This page provides a brief description of the predictor and the data set that was used to train it. More details can be found in:

Exploring sequence characteristics related to high-level production of secreted proteins in Aspergillus niger. B.A. van den Berg, M.J.T. Reinders, M. Hulsman, L. Wu, H.J. Pel, J.A. Roubos, D. de Ridder (2012) PLoS ONE, Volume 7, Issue 10, e45869.

Data set

The predictor is trained using a set of 345 Aspergillus niger proteins. All proteins in the data set have a predicted signal peptide (SignalP 3.0) and do not contain an ER retention signal or predicted transmembrane regions (TMHMM, phobius). The proteins were over-expressed behind a strong constitutive promoter, to test for successful high-level production and secretion. A protein was labeled successful in case of a visible band on gel, which corresponds to a detection level of around 50 mg/l. A table with the protein names and assigned labels (neg and pos for unsuccessful and successful respectively) and a fasta file with the protein sequences can be found in the download section.

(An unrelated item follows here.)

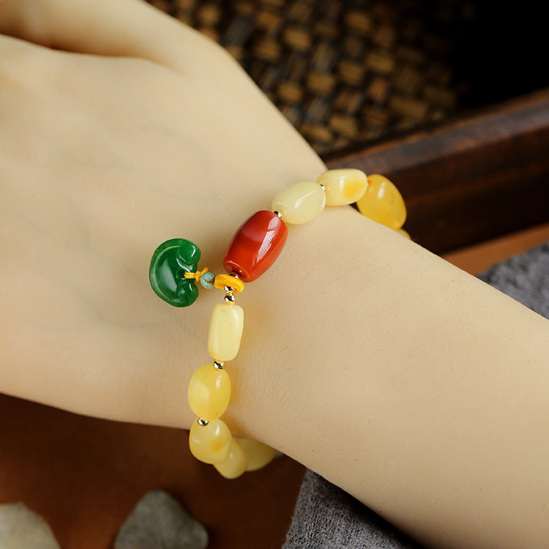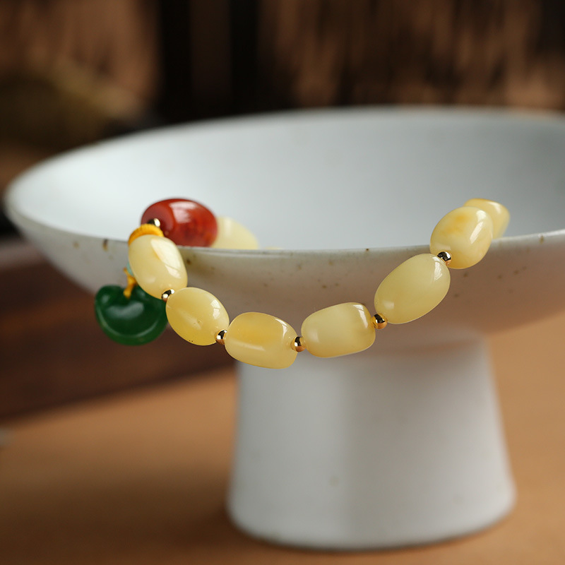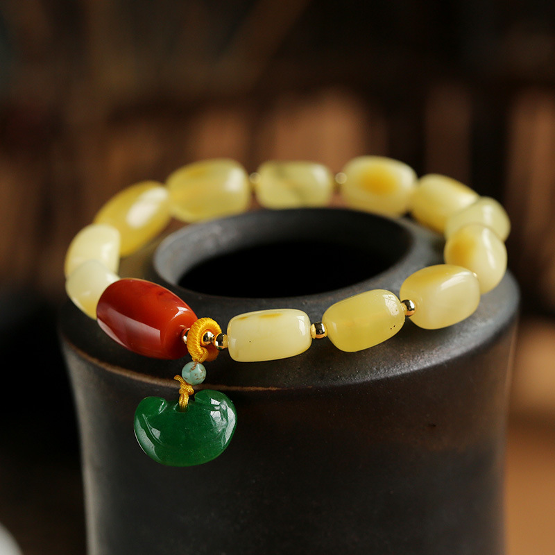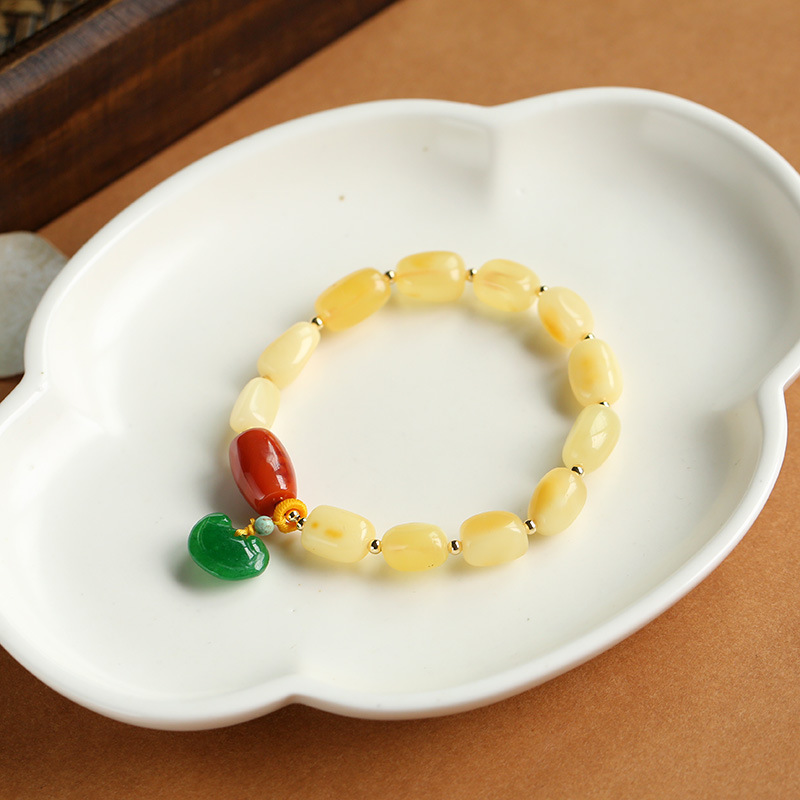 115.Chic Natural Amber Jade Bead Charm Bracelet

Predictive sequence features

Classification was used to find a set of sequence features that best separate the successful from the unsuccessful proteins. A large amount of sequence based features were explored using a linear support vector machine (SVM) as classifier. Best performance was obtained using either the codon composition or the amino acid composition. 10-Fold cross-validation resulted in an avarage performance of 0.85 area under the ROC-curve.